* _Task requirements_
Within the entries below, output exactly the lines between the line containing "Docking and molecular" and the line containing "Case 1:20cv10849LGS Document", inclusive, and omit any picture.

(Data supplied begins)

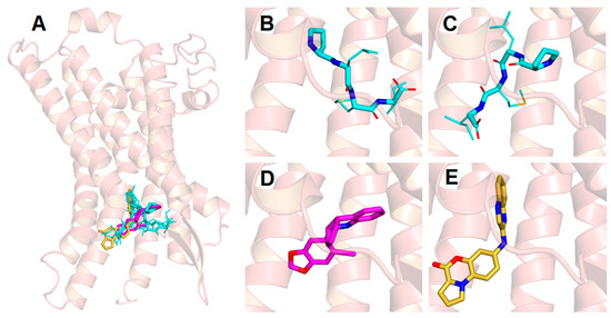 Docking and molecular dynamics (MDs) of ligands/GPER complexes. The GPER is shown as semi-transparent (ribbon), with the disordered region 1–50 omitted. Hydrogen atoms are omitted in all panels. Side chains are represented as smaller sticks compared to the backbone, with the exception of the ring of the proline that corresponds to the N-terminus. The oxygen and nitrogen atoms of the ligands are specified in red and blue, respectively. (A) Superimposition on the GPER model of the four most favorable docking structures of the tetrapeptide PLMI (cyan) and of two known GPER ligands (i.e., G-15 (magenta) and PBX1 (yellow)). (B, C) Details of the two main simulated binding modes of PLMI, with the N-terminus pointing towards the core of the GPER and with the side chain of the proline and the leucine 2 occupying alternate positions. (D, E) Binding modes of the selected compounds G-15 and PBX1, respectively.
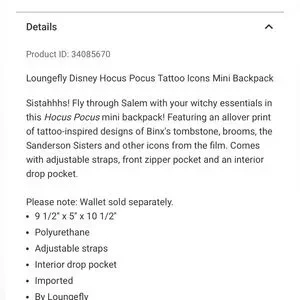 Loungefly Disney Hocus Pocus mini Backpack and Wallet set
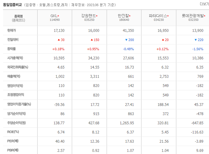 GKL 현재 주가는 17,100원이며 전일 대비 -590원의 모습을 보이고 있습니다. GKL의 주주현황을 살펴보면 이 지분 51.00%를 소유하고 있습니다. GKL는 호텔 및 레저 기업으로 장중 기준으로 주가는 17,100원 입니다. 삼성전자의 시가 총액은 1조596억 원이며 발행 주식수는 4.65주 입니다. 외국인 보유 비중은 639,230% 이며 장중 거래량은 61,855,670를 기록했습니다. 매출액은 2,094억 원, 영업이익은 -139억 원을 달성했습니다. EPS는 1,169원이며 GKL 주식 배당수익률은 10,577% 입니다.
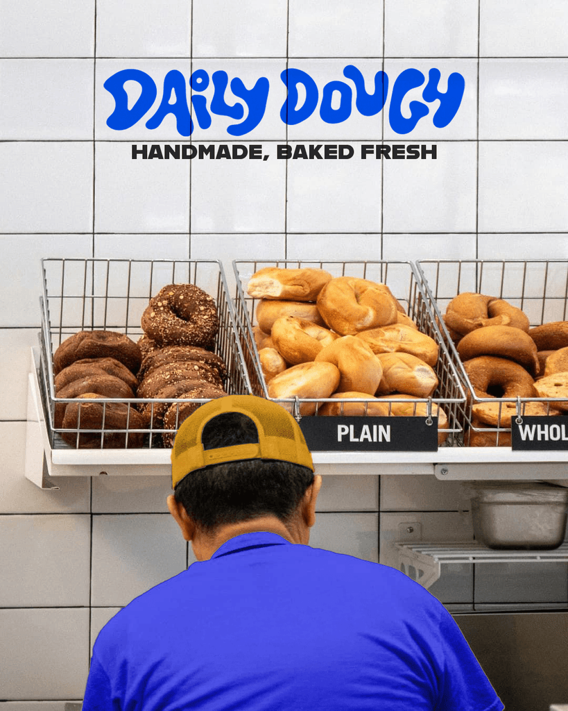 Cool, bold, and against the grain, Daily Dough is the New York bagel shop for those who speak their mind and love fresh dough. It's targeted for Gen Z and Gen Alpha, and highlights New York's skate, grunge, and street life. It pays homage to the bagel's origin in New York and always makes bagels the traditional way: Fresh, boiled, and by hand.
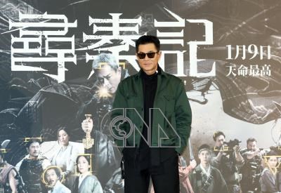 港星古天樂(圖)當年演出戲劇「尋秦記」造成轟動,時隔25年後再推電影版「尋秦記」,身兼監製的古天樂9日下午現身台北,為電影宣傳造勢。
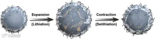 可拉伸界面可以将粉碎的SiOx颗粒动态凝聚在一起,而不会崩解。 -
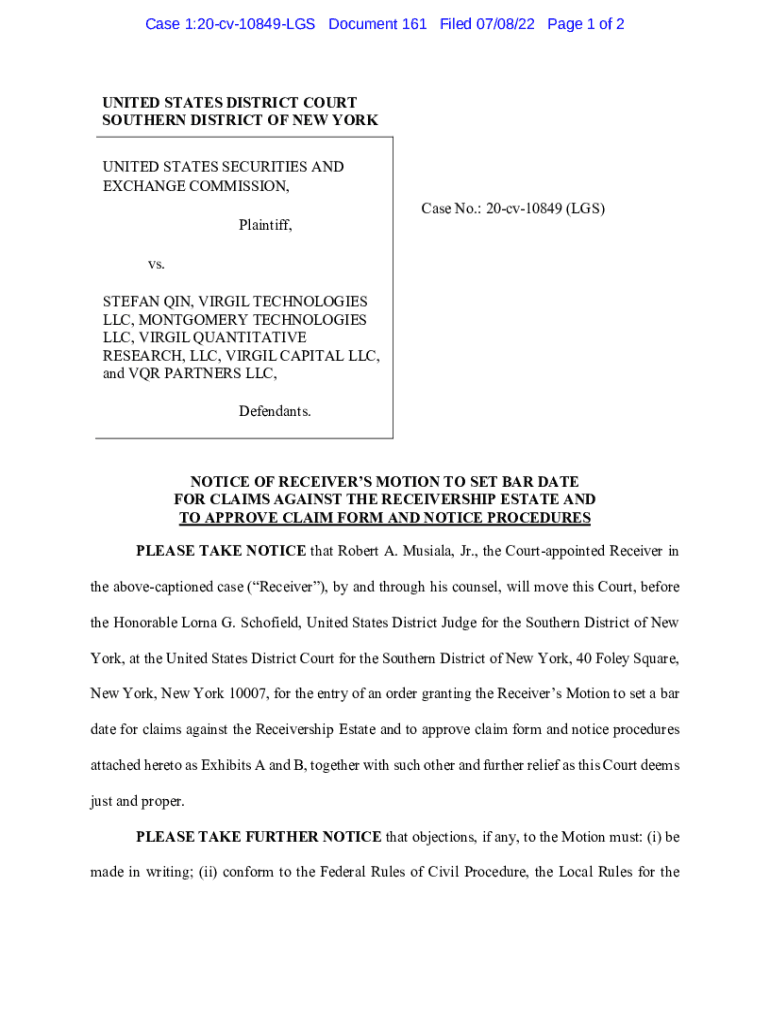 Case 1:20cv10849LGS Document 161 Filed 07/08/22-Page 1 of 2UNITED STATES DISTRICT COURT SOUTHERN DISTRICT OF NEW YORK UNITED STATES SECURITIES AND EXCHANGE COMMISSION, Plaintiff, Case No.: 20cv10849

(Data supplied ends)
(Data supplied begins)

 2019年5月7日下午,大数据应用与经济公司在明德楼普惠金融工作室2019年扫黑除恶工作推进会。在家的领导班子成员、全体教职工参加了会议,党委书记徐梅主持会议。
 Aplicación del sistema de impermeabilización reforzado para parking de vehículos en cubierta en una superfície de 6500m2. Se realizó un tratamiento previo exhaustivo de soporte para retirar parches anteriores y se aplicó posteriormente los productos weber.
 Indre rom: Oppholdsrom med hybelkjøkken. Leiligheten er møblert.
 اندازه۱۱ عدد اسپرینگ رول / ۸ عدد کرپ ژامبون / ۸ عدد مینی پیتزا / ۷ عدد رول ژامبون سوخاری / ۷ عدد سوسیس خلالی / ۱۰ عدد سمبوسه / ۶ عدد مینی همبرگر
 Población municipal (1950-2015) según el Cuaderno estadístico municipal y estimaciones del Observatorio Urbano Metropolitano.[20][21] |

(Data supplied ends)

* _Written response_
 Docking and molecular dynamics (MDs) of ligands/GPER complexes. The GPER is shown as semi-transparent (ribbon), with the disordered region 1–50 omitted. Hydrogen atoms are omitted in all panels. Side chains are represented as smaller sticks compared to the backbone, with the exception of the ring of the proline that corresponds to the N-terminus. The oxygen and nitrogen atoms of the ligands are specified in red and blue, respectively. (A) Superimposition on the GPER model of the four most favorable docking structures of the tetrapeptide PLMI (cyan) and of two known GPER ligands (i.e., G-15 (magenta) and PBX1 (yellow)). (B, C) Details of the two main simulated binding modes of PLMI, with the N-terminus pointing towards the core of the GPER and with the side chain of the proline and the leucine 2 occupying alternate positions. (D, E) Binding modes of the selected compounds G-15 and PBX1, respectively.
 Loungefly Disney Hocus Pocus mini Backpack and Wallet set
 GKL 현재 주가는 17,100원이며 전일 대비 -590원의 모습을 보이고 있습니다. GKL의 주주현황을 살펴보면 이 지분 51.00%를 소유하고 있습니다. GKL는 호텔 및 레저 기업으로 장중 기준으로 주가는 17,100원 입니다. 삼성전자의 시가 총액은 1조596억 원이며 발행 주식수는 4.65주 입니다. 외국인 보유 비중은 639,230% 이며 장중 거래량은 61,855,670를 기록했습니다. 매출액은 2,094억 원, 영업이익은 -139억 원을 달성했습니다. EPS는 1,169원이며 GKL 주식 배당수익률은 10,577% 입니다.
 Cool, bold, and against the grain, Daily Dough is the New York bagel shop for those who speak their mind and love fresh dough. It's targeted for Gen Z and Gen Alpha, and highlights New York's skate, grunge, and street life. It pays homage to the bagel's origin in New York and always makes bagels the traditional way: Fresh, boiled, and by hand.
 港星古天樂(圖)當年演出戲劇「尋秦記」造成轟動,時隔25年後再推電影版「尋秦記」,身兼監製的古天樂9日下午現身台北,為電影宣傳造勢。
 可拉伸界面可以将粉碎的SiOx颗粒动态凝聚在一起,而不会崩解。 -
 Case 1:20cv10849LGS Document 161 Filed 07/08/22-Page 1 of 2UNITED STATES DISTRICT COURT SOUTHERN DISTRICT OF NEW YORK UNITED STATES SECURITIES AND EXCHANGE COMMISSION, Plaintiff, Case No.: 20cv10849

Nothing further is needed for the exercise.